Demo und Bürgerfest als Protest gegen Bebauung in Haarzopf/Fulerum

Bereits im Januar fand eine Demonstration gegen die Bebauung landwirtschaftlicher Flächen in Haarzopf und Fulerum statt. Am 18. Juni sind erneut die Traktoren dabei.
  • Bereits im Januar fand eine Demonstration gegen die Bebauung landwirtschaftlicher Flächen in Haarzopf und Fulerum statt. Am 18. Juni sind erneut die Traktoren dabei.
  • Foto: Debus-Gohl
  • hochgeladen von Sabine Pfeffer

Im Zuge der von der Stadt Essen geplanten Überbauung der landwirtschaftlich genutzten Grünfläche am Spielkampsweg mit Flüchtlingsunterkünften hat sich die Initiative "Haarzopf/Fulerum sagt NEIN" zusammengeschlossen. Sie plant die nächste Demonstration, diesmal in Verbindung mit einem Bürgerfest, und das Ganze am Samstag, 18. Juni, ab 12.30 Uhr.

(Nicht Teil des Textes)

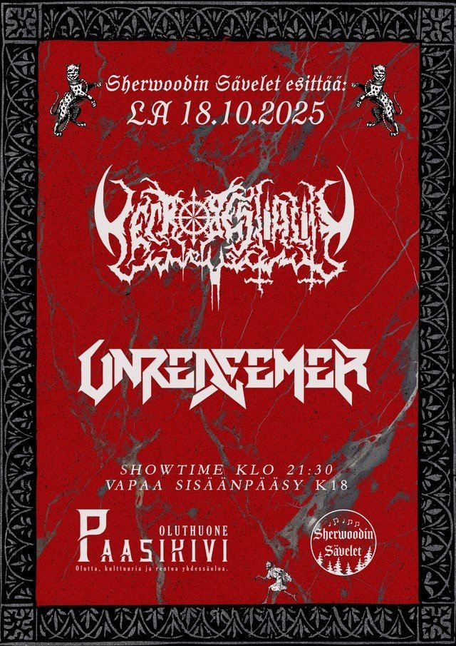 Lisätietoja: | Sherwoodin sävelet esittää: LA 18.10.2025 Necrobestiality, Unredeemer Oluthuone Paasikivi Paasikivenkatu 4, Kerava K18, vapaa pääsy NECROBESTIALITY Necrobestiality on keravalainen, täysin uusi black metal kokoonpano joka yhdistelee ysärin mahtipontista soundia ja suomalaista kaihoa. Tuloksena on kauhun ja hullunkurisuuden rajamailla tanssiva painajainen! Ps. syntsa kuuluu bläkyyn. UNREDEEMER Unredeemer on Kerava-Vantaa-Helsinki akselilta kotoisin operoiva tummapuhuvan rässin ja deathmetallin epäpyhä kollektiivi, joka johdattaa kuulijat kohti vääjäämätöntä epävapahdusta. Unredeem yourself! |

Treffpunkt ist der Spielkampsweg in Haarzopf. Der Demonstrationszug wird erneut von Traktoren begleitetund zieht über die Hatzper Straße bis zur Kreuzung Erbach und wieder zurück zum Spielkampsweg. Dort wird dann ein Bürgerfest gefeiert, fürs leibliche Wohl und Kinderunterhaltung wird gesorgt, kündigen die Veranstalter an.

Initiative lädt ein

Die Initiative protestiert seit Dezember letzten Jahres gegen die städtischen Beschlüsse, für Flüchtlingsunterkünfte "klima- und landwirtschaftlich relevante Grünflächen" in Anspruch zu nehmen. In der Zwischenzeit wurden zum Beispiel eine Bürgerversammlung mit ca. 350 Teilnehmern sowie eine Demonstration mit ca. 1.200 Beteiligten durchgeführt. Bei einer Unterschriftensammlung machten mehrere tausend Bürger mit. Petitionen an den Landtag wurden gestellt. Ferner unterstützt die Initiative "die betroffenen Anlieger der zur Bebauung stehenden Fläche bei den anstehenden Klagen, sollte es zu einer entsprechenden Nutzung der Flächen kommen", wie Sprecher Daniel Reinhardt ankündigt.
Erneut betont er: "Wir als Stadtteil bringen uns seit Jahren in die Integration der Flüchtlinge ein. Wir wenden uns aber ausdrücklich gegen eine willkürliche Zerstörung dessen, was unseren Stradtteil ausmacht und werden auch eine Ghettoisierung von Haarzopf/Fulerum nicht hinnehmen."